Here is the syntax for writing a function with two input arguments. Be sure you are using the return statement to indicate what should be returned.

def getsub(arr, n):
    cts = (arr == n).sum(axis=1)
    subarr = arr[cts >= 2] # Boolean indexing
    return subarr

Let’s check this, but now with a much bigger array (100 rows) than what we were using above.

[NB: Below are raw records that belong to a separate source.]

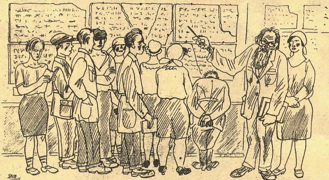
Рис Д. Мельникова

— Руководитель все говорит: „Это относится к каменному веку, это к бронзовому“, а теперь-то какой же? — Надо полагать—бумажный!
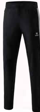
1102001 schwarz/silver grey
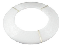
Rollo de difusor opal ECOXM-9DFD-R Opal diffuser roll 30m
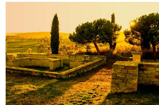
Das Römische Weingut Weilberg soll vor fast 2000 Jahren eine gewaltige Frontlänge von 150 Metern gehabt haben
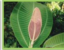
Miconia ( Miconia calvescens )
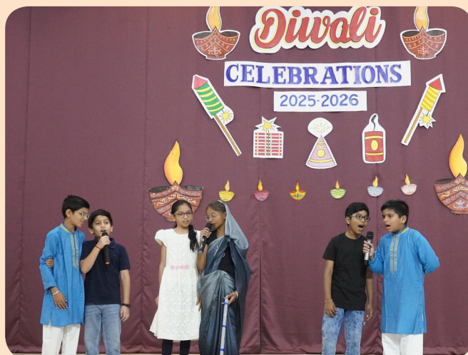
Celebrating The Festival of Lights Together!
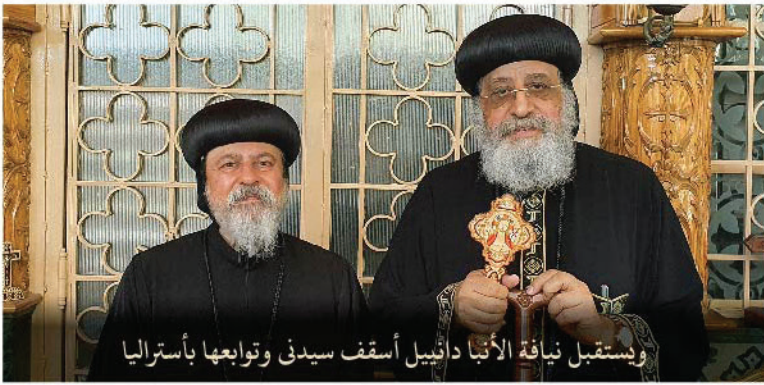
ويستقبل نيافة الأنبا دانييل أسقف سيدني وتوابعا بأستراليا
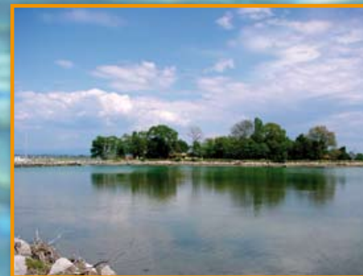
Isola di Grado
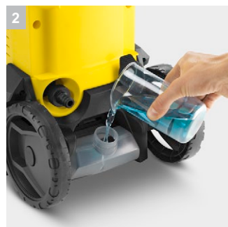
2 Встроенный бак для мощного средства
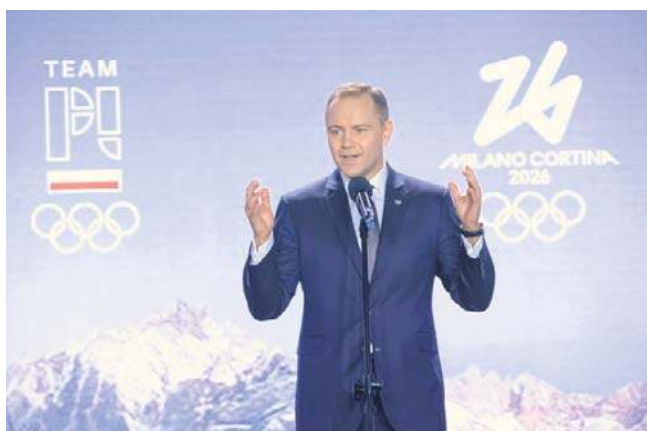
Na uroczystość w PKOl przybył Prezydent Karol Nawrocki, który życzył polskim sportowcom jak najwięcej medali
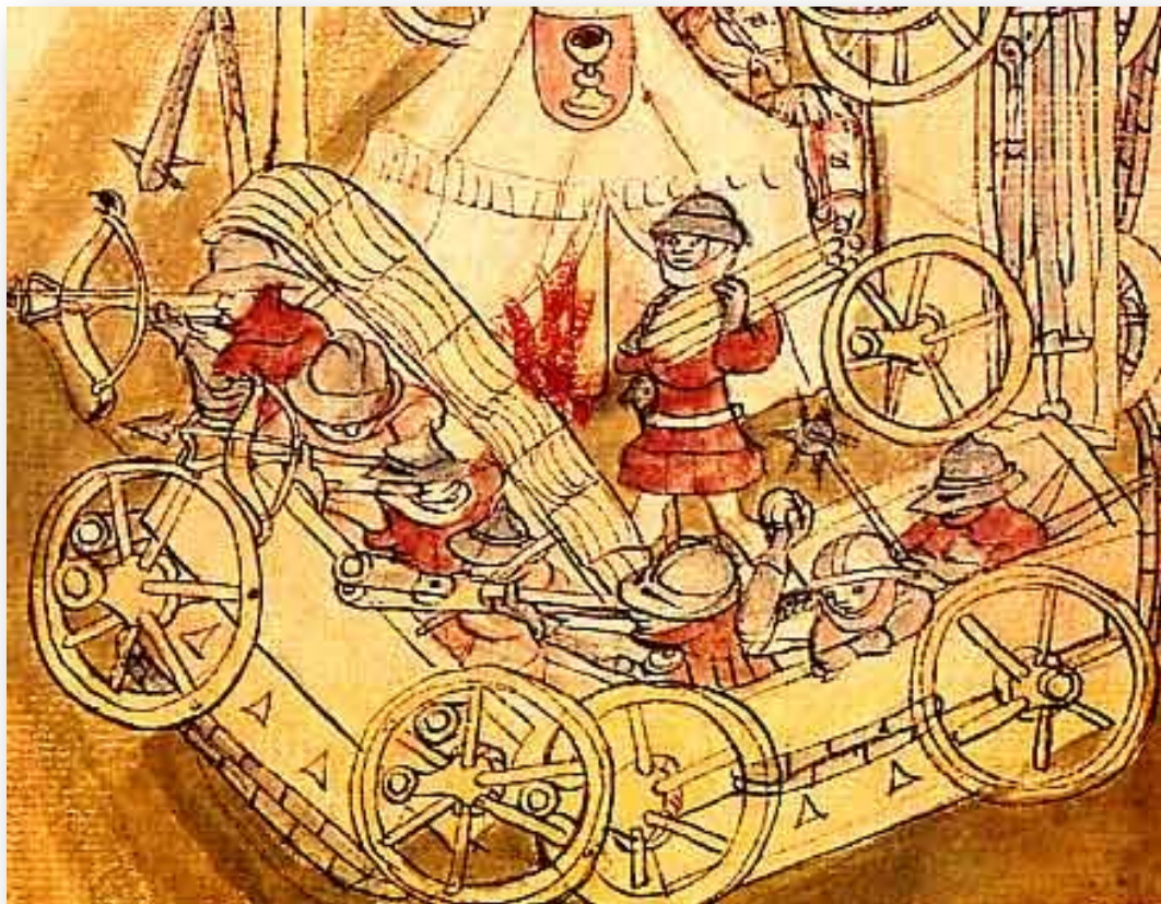
Укрепленный лагерь таборитов.
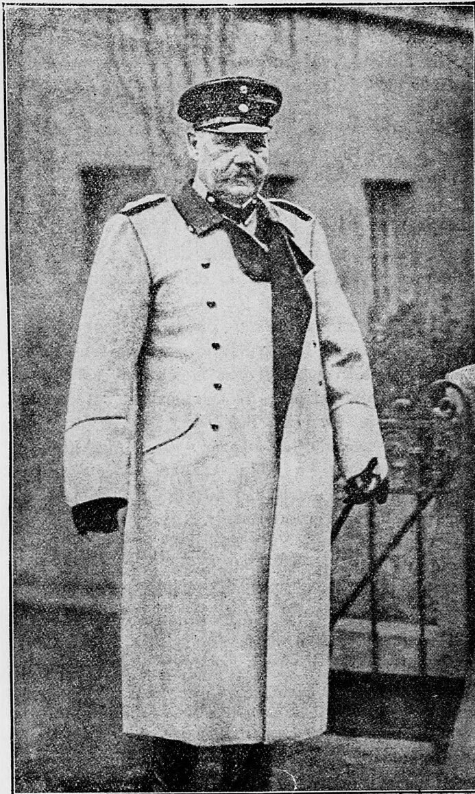
Hindenburg, nový hlavný veliteľ.

Akonáhle sliepky začnú niesť prvé vajcia, od každej sliepky osobite odložíme 8—10 vajec. Tieto vajcia podsypeme pod kvočku, alebo ich vložíme do stroja na liahnutie, na siedmy deň pri lampe sa presvedčíme, že či sa z vajec vyľahnu kurenice. Táto próba nám povie, že z vajec ktorej sliepky vyľahne sa najviac kurenice. Príčina toho, že sa kurenice vo vajciach nezaviažu, môže byť pravda aj v kohútovi. Takéhoto kokúta odstráňme zo dvora a preto je dobre nechať si vždy aj v zásobe kohúta.
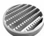
Ruszt drabinowy antypoślizgowy 25x8 mm
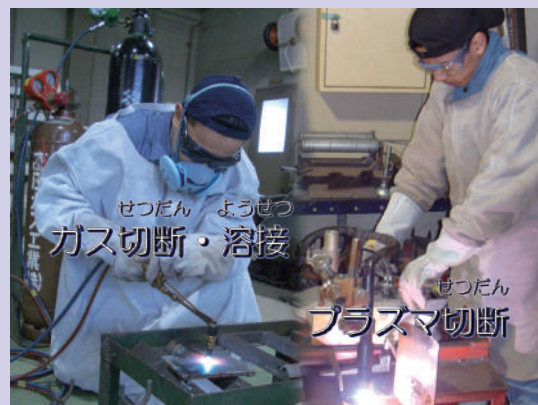
せつだん ようせつ ガス切断・溶接
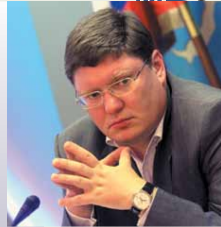
Андрей ИСАЕВ Первый заместитель секретаря Президиума Генерального совета партии «ЕДИНАЯ РОССИЯ»
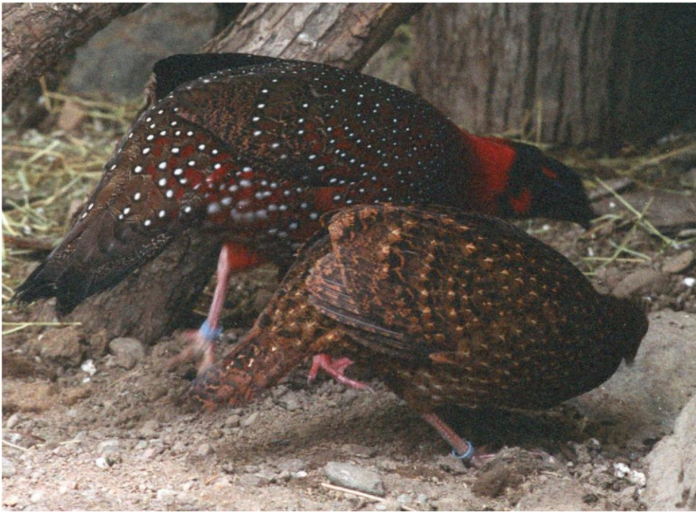
Tupp under uppvaktning av hönan

Frontuppvisningen är särskilt spektakulär. Tuppen vetter mot hönan från ca 1 m avstånd, kröker sig ner något, rasslar med sina fjädrar, sträcker ut sina vingar och klappar vingarna mot marken. Han nickar på huvudet och upprepar detta med ökande hastighet. Hans horn blir uppblåsta, hans haklapp fälls ut, och fågeln rycker och rasslar med sina fjädrar. Han gör också ett väsende ljud. När haklappen har blivit helt utfälld, kommer tuppen att stoppa sin dans, flytta sig närmare hönan och fortsätta visa henne sin haklapp. Han slappnar sedan och hornen och haklappen drages ihop. Häckningen sker normalt från maj till juni, vissa fåglar på högre höjder börjar inte häcka förrän i juli, på grund av senare vår på högre höjder. Redet är gjord av pinnar och kvistar och är byggd över markytan, i träd och buskar på en höjd av 6 m eller mer. Det är väl dolt från insyn. I naturen är en typisk äggkull två till tre ägg. I fångenskap kan hönan lägga fyra till sex ägg och ibland så många som åtta ägg. De ljus rödbruna äggen har små mörkare
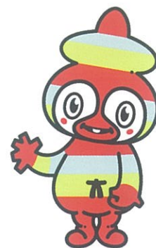
本部町のゆるキャラ ブトモー
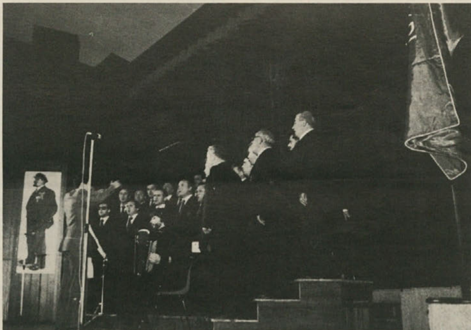
Pevski Zbor Svoboda iz Kočevja, ki je nastopil na proslavi oktobrske revolucije v Boljuncu

Na koncu bodo sekcijski kongresi izvolili delegate na pokrajinski kongres ter obnovili sekcijske vodilne organe (vodstvo in razsodišče).
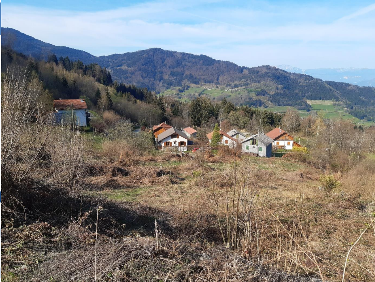
Parcelle C1383 – photo prise depuis le haut de la parcelle, vue sur le sud
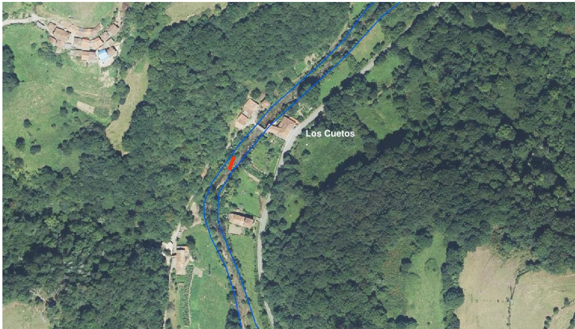
Zona de actuación en el río de La Marea, en Los Cuetos
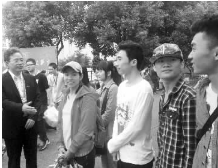
33名海南新生组团报到,学校老师欢迎新生

“亲爱的小鲜肉们,欢迎加入我们的英雄联盟……”李子越是常州大学化工专业的一名大四学生,为
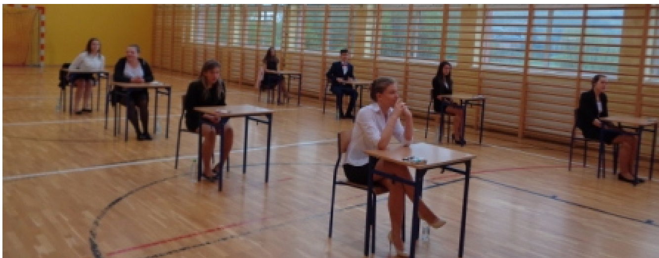
Na sali egzaminacyjnej
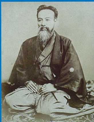
山岡鉄舟写真
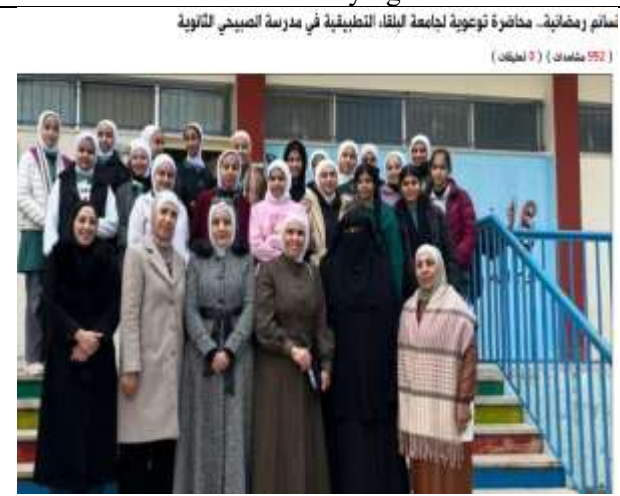
A lecture : Ramadan Breezes at Subayhi School.
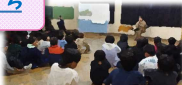
12月10日(水)3年民話語り部体験
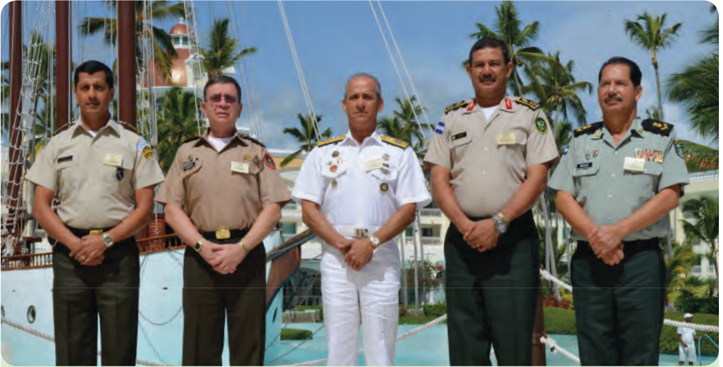
En República Dominicana, el Jefe del Estado Mayor General, Mayor General Oscar Mojica Obregón, participó en la XXX Reunión Ordinaria del Consejo Superior de la Conferencia de las Fuerzas Armadas Centroamericanas (CFAC), del 22 al 25 de julio de 2014.
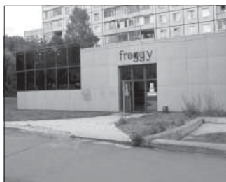
Просп. Ленина, 120. Общая площадь 490,4 кв.м.
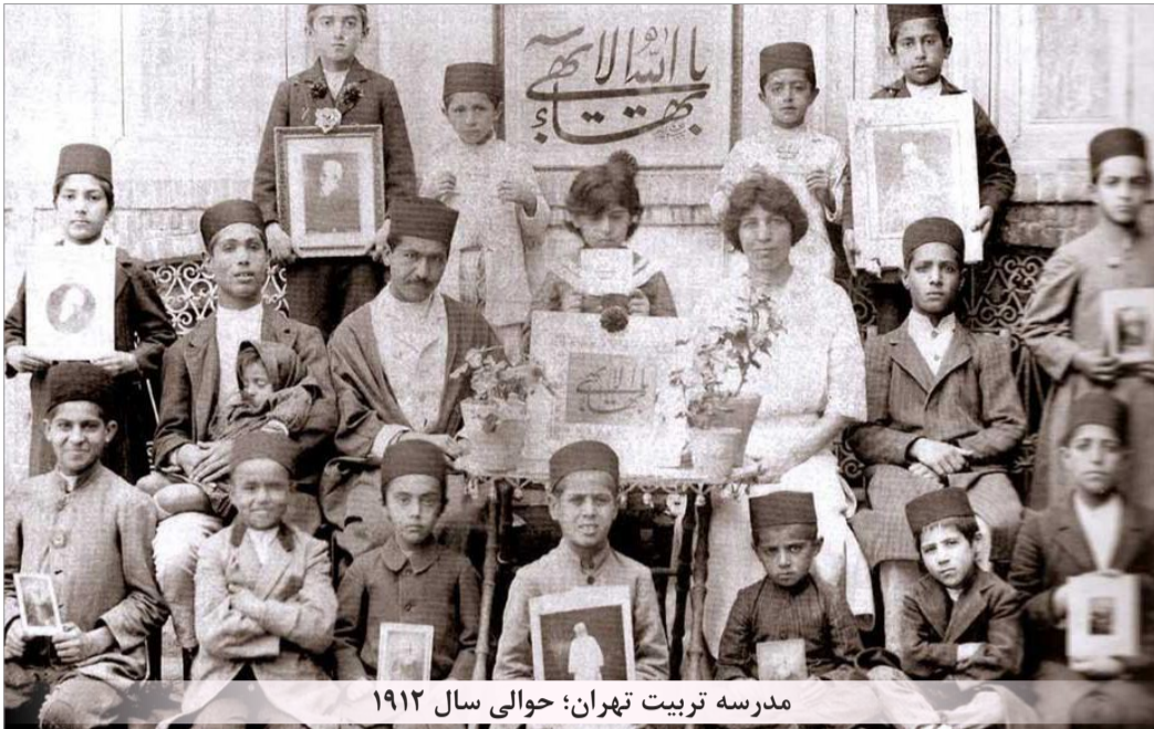
مدرسه تربیت تهران؛ حوالی سال ۱۹۱۲

برای اینکه سوء تفاهمی ایجاد نشود بهایبان می‌روند و خبر هم می‌دهند. صدها نمونه از پلمپ مغازه‌های بهایبان گزارش شده که بعضی از مالکان آنها قبلاً در زندان بوده‌اند و حالا به‌این علت یا مغازه‌شان بسته شده یا اینکه باید برگردند و دوباره بازجویی و چه بسا زندانی شوند.» به گفته‌این استاد اقتصاد، درهای کسب درآمد نیز به روی بهایبان بسته است: «از آغاز انقلاب اسلامی تا کنون به بهایبان اجازه اشتغال در وزارتخانه‌های دولتی داده نشده. اگر در شرکت‌های خصوصی کار می‌کنند به این شرکت‌ها فشار وارد می‌کنند که باید کارمند بهایی خود را اخراج کنند وگرنه شرکت گرفتار خواهد شد. می‌کنیم. ما نمونه‌هایی داشته‌ایم که می‌توانید اسناد آن را در خانه اسناد بهایی‌ستیزی ملاحظه کنید که کاملاً سازمانیافته این گونه فشارها را به جامعه بهایبان وارد می‌کنند. حتی در قوانین کارایی و اشتغال به صراحت آمده است کسانی که عضو فرقه ضاله هستند باید بازنشستگی‌شان قطع شود!»
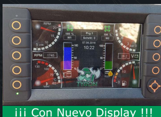
iii Con Nuevo Display !!!

Nos reservamos el derecho de venta en el ínterin
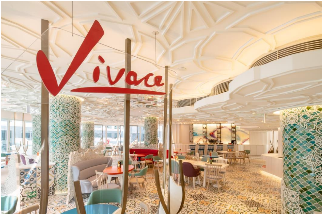
VIVACE · 冰与火
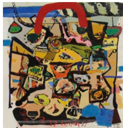
VÉGH ANDRÁS: Bőrönd , 2019, akril, vászon, 100×95 cm

Nagy, szabad lélegzetű vásznak és kisebb, visszafogottabb hangvételű képek is láthatóak a tárlaton, amely Végh András 80. születésnapja alkalmából nyílt meg. Végh 80 – lakonikus kiállítás címmel, mely gazdag és változatos életművet hivatott megjelölni. Ebből a nyolcvan évből, amely hatvanéves alkotásidőt feltételez, az utóbbi 12 év munkái láthatók most két kiállítóteremben. Nagy, szabad lélegzetű vásznak és kisebb, visszafogottabb hangvételű képek. Esszenciái, gondolati összegzései eddigi munkásságának – egyben iránymegjelölései elkövetkezhető korszakoknak. Valaki ezt a kérdést vetette fel Végh András művei kapcsán: a művész gondolja, látja-e szét a jelenségeket, vagy a jelenségek valóságban végbemenő dekonstrukcióját ragadja meg ráérző figyelemmel? A válasz a látogatásban fogalmazódhat meg." (Zalán Tibor)
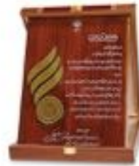
تندیس کنفرانس ملی کارآفرینی استقامت ملی و توسعه پایدار - آذر ۹۶
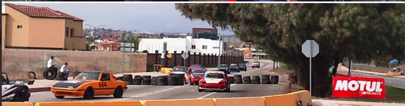
Mexican Street racing / Tijuana Grand-Prix
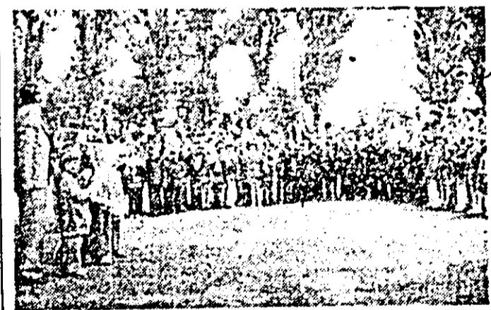
Cel mai mic elev al Școlii generale nr. 5.
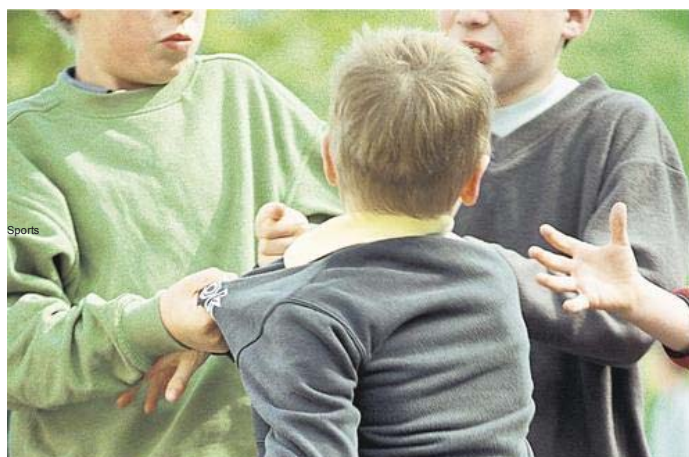
L'Education nationale souhaite « Apporter une protection maximale aux établissements scolaires et aux victimes de violences. » MixPPP

L'Education nationale lance lundi une enquête inédite dans les collèges. Une opération vérité contre le harcèlement subi par des milliers d'élèves.
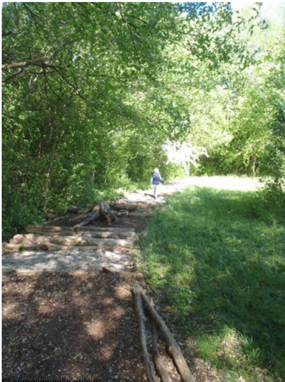
Si cammina sulla ghiaia...
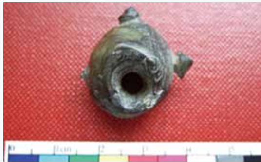
台東舊香蘭遺址出土的三突起玉玦耳飾，這一類型的玉器在台灣很少，在 2,500 ~ 2,100 年前的東南亞卻十分流行，使用的是台灣玉。

台灣玉在東南亞環南海地區廣泛分布的情形，說明了海洋對史前人來說不是阻隔而是道路，他們在環南海地區早就行動自如了，台灣玉在南海地區的貿易交流上扮演了重要的角色。不過，史前人在南海的貿易交流仍是有選擇性的，像是地理上離台灣較近的越南北部反而看不到台灣玉，而一些出現台灣玉的遺址卻和南島語族的分布有高度的相似性，這似乎暗示台灣玉在東南亞的分布很可能和古南島語族的擴散或交流有關。
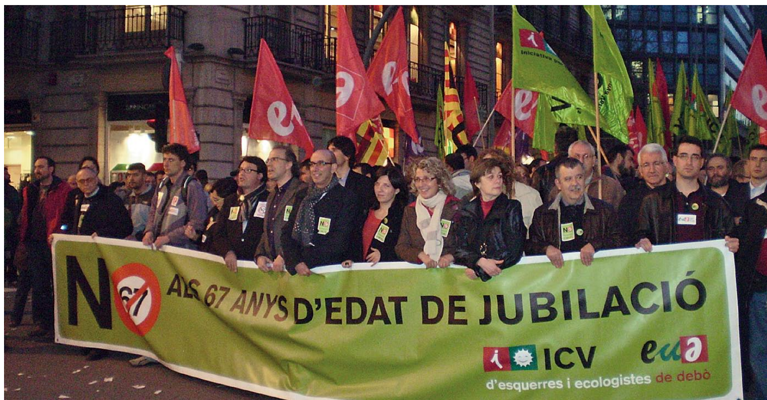
Capçalera d'ICV-EUiA a la manifestació del passat 23 de febrer a Barcelona en protesta contra la mesura de retardar la jubilació als 67 anys.

Cal recordar que una altra de les mesures injustes aprovades pel govern de l'Estat ha estat la pujada de l'IVA, una mesura que també ha fet perdre poder adquisitiu als i les pensionistes. Recordem que a Espanya hi ha 8,5 milions de pensionistes, dels quals 2,3 milions tenen pensions mínimes; per a la resta (6,2 milions) el pla proposat pel govern suposarà la congelació de la seva pensió ■
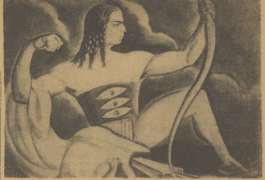
»Lurrik« — akwela prof Skoczylasa, która zdobyła brązowy medal olimpijski na Olimpiadzie w Amsterdamzie w roku 1928.

Szwajcarskiej czarnoamerykańskiej ekipy. P. Mezo, wiceprezidentem Węgierskiego Komitetu Olimpijskiego i mistrza olimpijskiego.
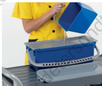
Dosaggio soluzione chimica
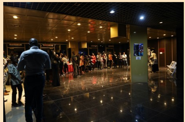
展览开幕现场观众
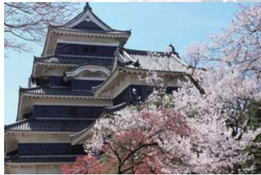
Matsumoto-castle ~ 松本城 ~ 버스로 75+10 분
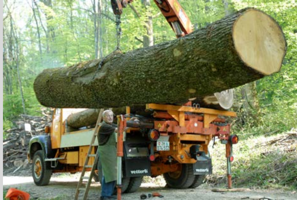
Reformierte Kirche Kanton Zürich – Nachhaltige Beschaffung in Kirchgemeinden?
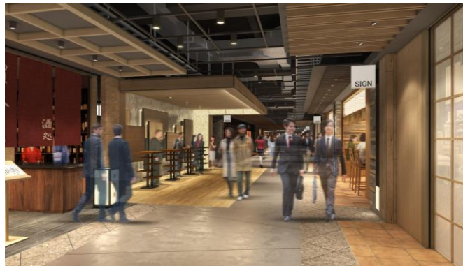
地下1階商業ゾーン（イメージ）
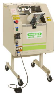
17. 蔬菜包裝機 用於包裝已收割的蔬菜。

rng = np.random.default_rng(seed=100)
arr = rng.integers(0, 5, size=(100,3))

arr

array([[3, 4, 0],
       [2, 0, 1],
       [2, 0, 2],
       [4, 4, 2],
       [2, 3, 4],
       [4, 0, 3],
       [3, 0, 2],
       [4, 3, 1],
       [1, 3, 0],
       [2, 2, 2],
       [3, 2, 3],
       [4, 0, 2],
       [0, 3, 0],
       [2, 1, 4],
       [2, 4, 4],
       [1, 2, 1],
       [4, 4, 2],
       [3, 4, 3],
       [3, 2, 4],
       [1, 3, 0],
       [3, 3, 0],
       [0, 4, 1],
       [4, 3, 0],
       [0, 0, 4],
       [2, 0, 1],
       [2, 4, 2],
       [3, 1, 4],
       [4, 2, 1],
       [4, 2, 3],
       [4, 2, 3],
       [2, 1, 1],
       [0, 0, 4],
       [4, 2, 0],
       [2, 1, 2],
       [2, 0, 3],
       [2, 4, 2],
       [3, 2, 1],
       [0, 2, 3],
       [0, 0, 4],
       [1, 3, 0],
       [0, 3, 0],
       [2, 4, 2],
       [4, 0, 0],
       [2, 2, 1],
       [1, 1, 3],
       [1, 3, 3],
       [1, 3, 1],
       [1, 0, 3],
       [4, 2, 3],
       [3, 1, 1],
       [1, 4, 2],
       [3, 4, 0],
       [3, 2, 4],
       [3, 3, 3],
       [4, 2, 1],
       [1, 4, 3],
       [2, 3, 2],
       [2, 1, 0],
       [1, 3, 3],
       [3, 1, 4],
       [2, 4, 3],
       [1, 0, 4],
       [2, 3, 3],
       [4, 3, 2],
       [3, 4, 1],
       [2, 1, 1],
       [3, 4, 3],
       [1, 1, 1],
       [1, 0, 2],
       [0, 3, 1],
       [2, 1, 2],
       [3, 2, 0],
       [0, 4, 3],
       [4, 2, 4],
       [4, 3, 1],
       [3, 3, 3],
       [4, 4, 1],
       [4, 4, 1],
       [3, 4, 3],
       [4, 0, 3],
       [3, 3, 3],
       [3, 0, 3],
       [1, 4, 1],
       [1, 0, 2],
       [3, 1, 1],
       [3, 2, 0],
       [3, 2, 4],
       [2, 4, 1],
       [3, 2, 0],
       [1, 2, 4],
       [3, 1, 3],
       [4, 0, 4],
       [1, 1, 1],
       [1, 0, 3],
       [4, 1, 3],
       [0, 3, 1],
       [3, 0, 1],
       [2, 2, 4],
       [0, 2, 2],
       [0, 1, 3]], dtype=int64)

There aren’t any 5 values in this array, so that’s why the following returns an empty array.

getsub(arr,5)

array([], shape=(0, 3), dtype=int64)

Here is the sub-array containing all the rows which have at least two 4s.

getsub(arr,4)

array([[4, 4, 2],
       [2, 4, 4],
       [4, 4, 2],
       [4, 2, 4],
       [4, 4, 1],
       [4, 4, 1],
       [4, 0, 4]], dtype=int64)

(If there’s extra time.)

Can you write the same function using a for loop? (Warning. This for-loop approach is definitely worse. It is both less elegant and less efficient. It’s just for practice with some different Python syntax.)

Time to work on Worksheets 1-2#

Yufei and I are here to help.
I have another class at 2pm, so if you have questions, ask me now rather than after class!